A document is well-formed if it is compliant with some minimal requirements:

  • the document contains a document type declaration
  • a single element, known as the root element, contains all the other elements in the document.
  • all elements are well formed (if they are):
    • opened and subsequently closed, or
    • if empty, properly terminated, and
    • properly nested so that they do not overlap
  • <, >, ", ', and & are only used as markup (either part of a tag or a entity). If they are to be used in the document as character, entities should be used instead: &lt;, &gt;, &quot;, &apos;, &amp;.
  • there are rules about the characters that can be used in element names and elsewhere
  • tags are case-sensitive
  • attribute values have to be quoted
  • it contains only properly encoded legal Unicode characters

Valid documents

HTML documents have to conform to a particular specification where only a closed set of elements and attributes with particular contents and data types are allowed. Try to use anything else and you will get an error.

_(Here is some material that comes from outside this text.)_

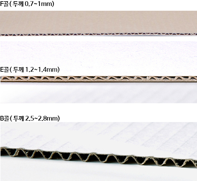 제품박스에 사용되는 골판지 두깨 순서는 F골 > E골 > B골 > A골 순서로 두꺼움
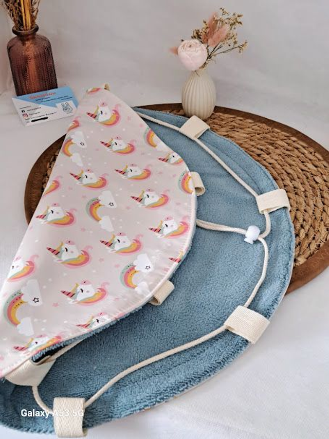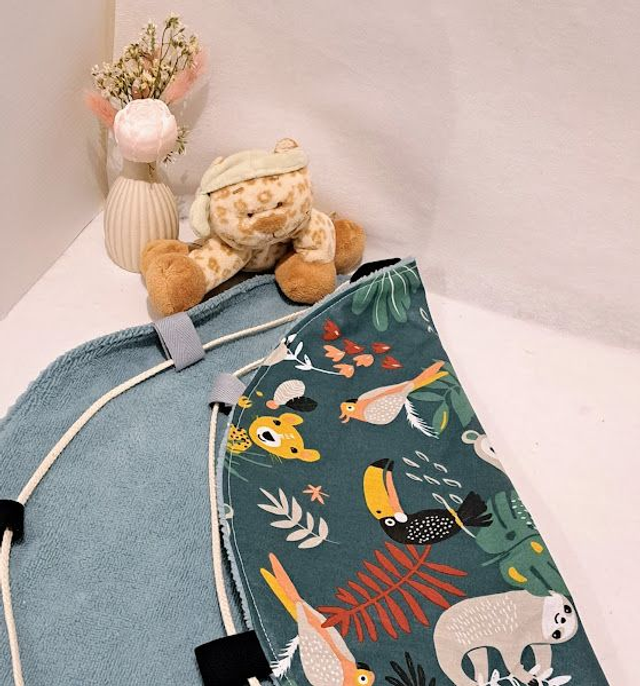 Ce sac astucieux avec une face éponge bambou très douce et l’autre en coton enduit :

However, the structure and contents of XML documents can and have to be defined. The rules describing those aspects are defined in a DTD (Document Type Definition) or XML schema. A document is valid if:

  • it is well-formed, and
  • it observes the rules dictated by its DTD or XML schema.

If used properly, XML schemas can help you to detect annotation inconsistencies and errors (specially helpful if you are working with data created manually by humans).

There are different ways to define documents out there. My favorite schema language is Relax NG compact: it is quite easy to understand, write, and read. It is much more powerful than DTDs, but at the same time easier than other XML schema languages.